• **DATA EXTRACT**
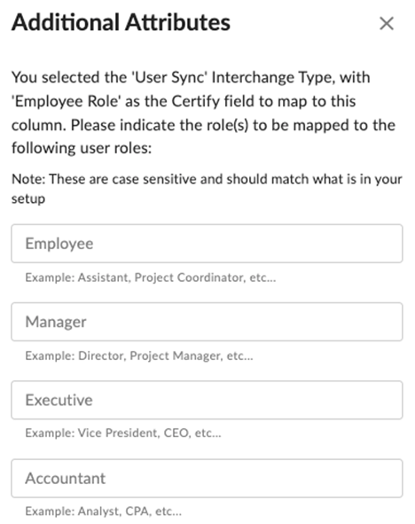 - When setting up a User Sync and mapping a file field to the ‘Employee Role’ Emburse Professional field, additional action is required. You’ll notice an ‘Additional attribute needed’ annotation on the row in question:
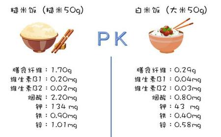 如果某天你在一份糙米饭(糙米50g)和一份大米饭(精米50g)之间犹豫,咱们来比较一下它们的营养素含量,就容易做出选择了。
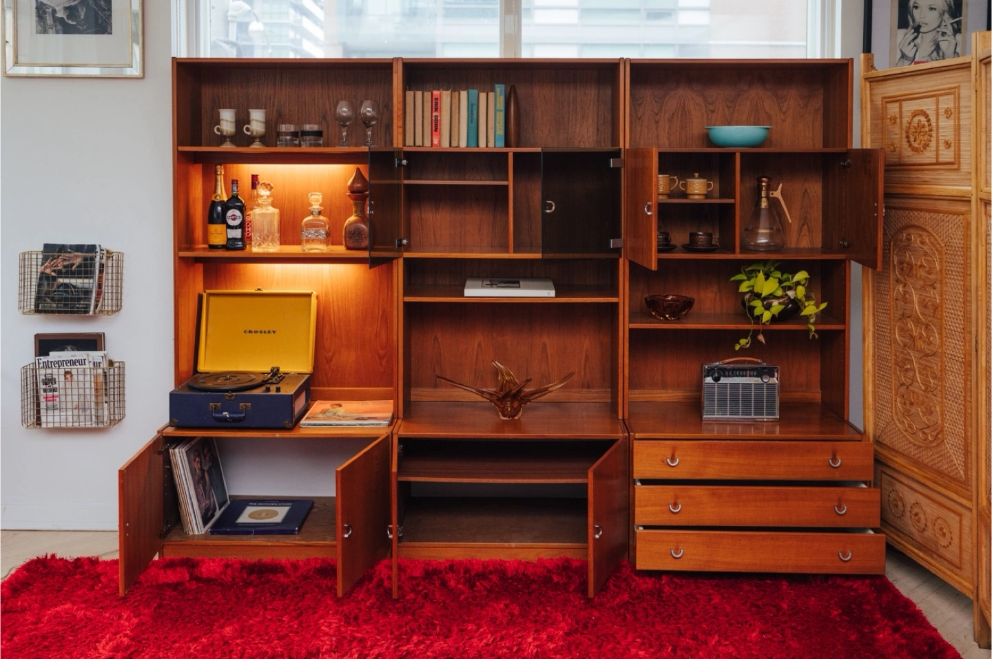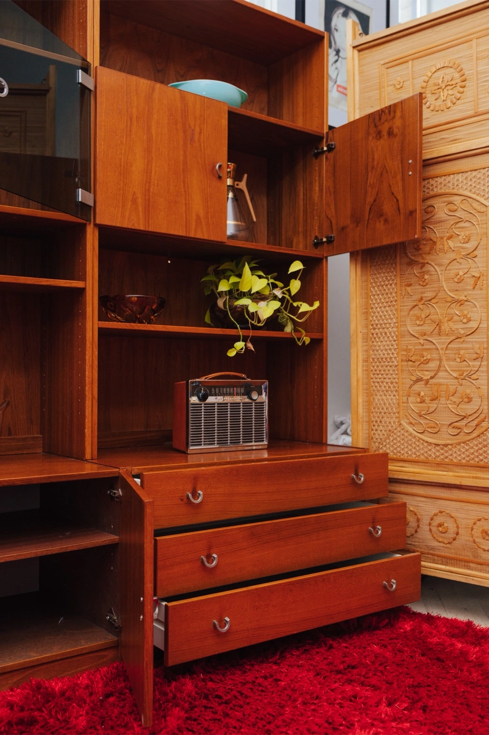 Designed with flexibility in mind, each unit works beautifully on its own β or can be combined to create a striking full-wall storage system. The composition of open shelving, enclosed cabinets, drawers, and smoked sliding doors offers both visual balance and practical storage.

• **GOAL OF THE EXERCISE**
The answer must be the whole listing, word for word, with no pictures in it. Please write it out.

• **OUTPUT FOR THIS TASK**
 - When setting up a User Sync and mapping a file field to the ‘Employee Role’ Emburse Professional field, additional action is required. You’ll notice an ‘Additional attribute needed’ annotation on the row in question:
 如果某天你在一份糙米饭(糙米50g)和一份大米饭(精米50g)之间犹豫,咱们来比较一下它们的营养素含量,就容易做出选择了。
 Designed with flexibility in mind, each unit works beautifully on its own β or can be combined to create a striking full-wall storage system. The composition of open shelving, enclosed cabinets, drawers, and smoked sliding doors offers both visual balance and practical storage.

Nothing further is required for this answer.